I started out by asking why he loves teaching science. 

He responded with a very inspiring motive for his profession: “I like making something that has been historically inaccessible to everyone accessible to more people.” 

He stated that he wanted to abolish the idea that you have to be “old, white, male, (and) wealthy”  to “enjoy and think like a scientist.” Since arriving at Berkeley Carroll, it has become apparent to me that one of BC’s main goals is to promote diversity on campus, evident as the BC faculty span across a wide range of identities. Mr. Leong seems perfect to further this MO with his inclusive outlook on science. 

He then went on to describe the importance of critical thinking: “I personally think science is useful for critical thinking especially with our day and age and our administration…it’s good to know why and how things happen.”

Sticking with the theme of school, Mr. Leong’s greatest fear relates to his teaching: “My greatest fear would be to—even if it wouldn’t be my intention—negatively impact a child in a moment that I had an indiscretion.” He clarified that taking anger out on a child unwillingly or being misunderstood would be “really painful” for him because to him, “relationships are key.”

Questions pertaining to Mr. Leong’s style were very popular amongst students. Students asked about where he learned to dress so well, where he shops, and how he’s always so on-point.
He surprised me with a humbling story of how he developed his style: “I grew up being dressed by my mother—who is an immigrant. So I didn’t grow up having a choice or agency in what I wore, so when I got to college… I just drew inspiration from what I saw.” He went on to say that he doesn’t have any fashion icons but that he takes some inspiration from “queer circles to think out of the box.”

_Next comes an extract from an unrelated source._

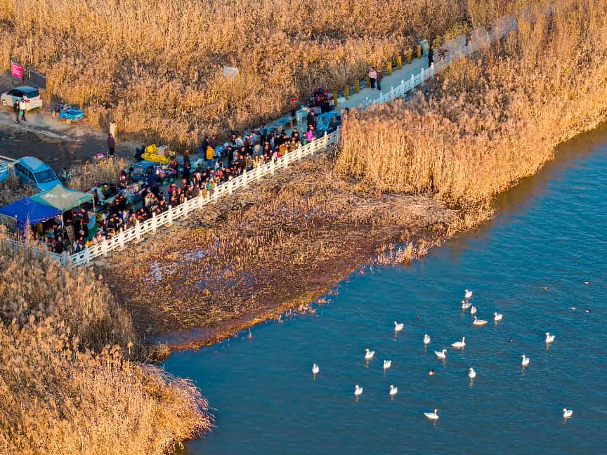 Tourists watch swans at a wetland in Dachuan township, Xigu district, Lanzhou, northwest China's Gansu province, Dec. 7, 2025. (Photo/Wang Hong)
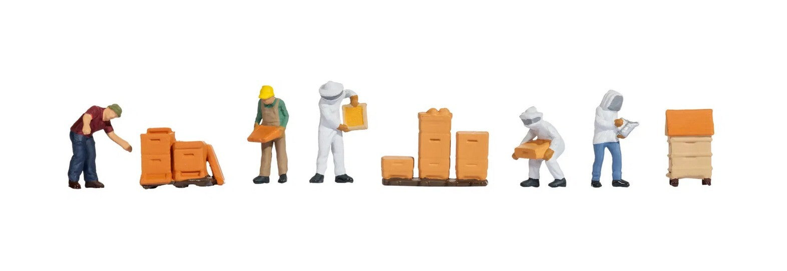 Mit dem Figuren-Set Imker mit Bienenstöcken von NOCH bringen Sie die faszinierende Welt der Imkerei auf Ihre Modellbahnanlage. Dieses Set zeigt detailreiche Imkerfiguren bei der Arbeit: vom Tragen der Bienenstöcke bis hin zur Inspektion der Bienenkästen. Die Figuren sind mit typischen Imkerschutzanzügen ausgestattet und schaffen eine authentische Atmosphäre, die perfekt in ländliche Szenen, Gärten oder naturverbundene Bereiche passt.

He told me about his frugal “real-cheap” fashion ideology: “[I] try to think a lot about color-coordination and fit. So, I think it’s smarter to buy things even if they don’t fit…[and] just get it tailored after.” To me, Mr. Leong is the spitting image of the idea that you don’t have to break the bank in order to dress well. 

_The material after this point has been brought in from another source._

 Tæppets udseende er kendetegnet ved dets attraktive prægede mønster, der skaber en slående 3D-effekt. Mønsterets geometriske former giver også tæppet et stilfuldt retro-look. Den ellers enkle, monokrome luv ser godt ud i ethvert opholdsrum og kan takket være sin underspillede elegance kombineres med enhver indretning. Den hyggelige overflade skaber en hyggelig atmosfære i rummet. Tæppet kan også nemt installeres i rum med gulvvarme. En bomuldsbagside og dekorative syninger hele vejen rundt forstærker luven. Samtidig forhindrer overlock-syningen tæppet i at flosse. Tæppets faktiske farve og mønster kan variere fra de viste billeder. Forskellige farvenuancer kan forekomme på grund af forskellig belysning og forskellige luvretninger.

Lastly, I asked him what he likes to do during the weekends or during his free time. He started off his response with a piece of obvious information: “I am a really avid biker.” Almost every morning I seem him arrive helmet equipped at the front gate on his bike.

Continuing, he stated: “On longer weekends, I will fly somewhere. I’ve been to 40+ countries because I used to work in the Middle East so I’m very big on flying around.” This was surprising alone but what really struck me about his hobbies was his passion for photography, a personal hobby of mine. 

He went on to tell me that he used to be an avid photographer and that wishes he could do more photography. He proceeded to show me pictures of his friend’s engagement party that he took.

“I photograph so I can help people see the world the way I see it,” he explained, going into his motives for his fascination with intimate photography.

 The interview was supposed to end there but I asked him about his favorite branch of photography which happened to be candid and intimate photography. We then went on to talk about photography for another 20 minutes. I showed him some photos from my portfolio and he told me why or why not they had good composition. He showed me some resources that I could use to expand upon my skills. 

In my first few weeks at Berkeley Carroll, I have felt welcomed to the warm community and I’ve already made new friends. Most people don’t consider teachers to be their friends, but after interviewing Mr. Leong, I found a fellow nerd that I could geek out with over photography.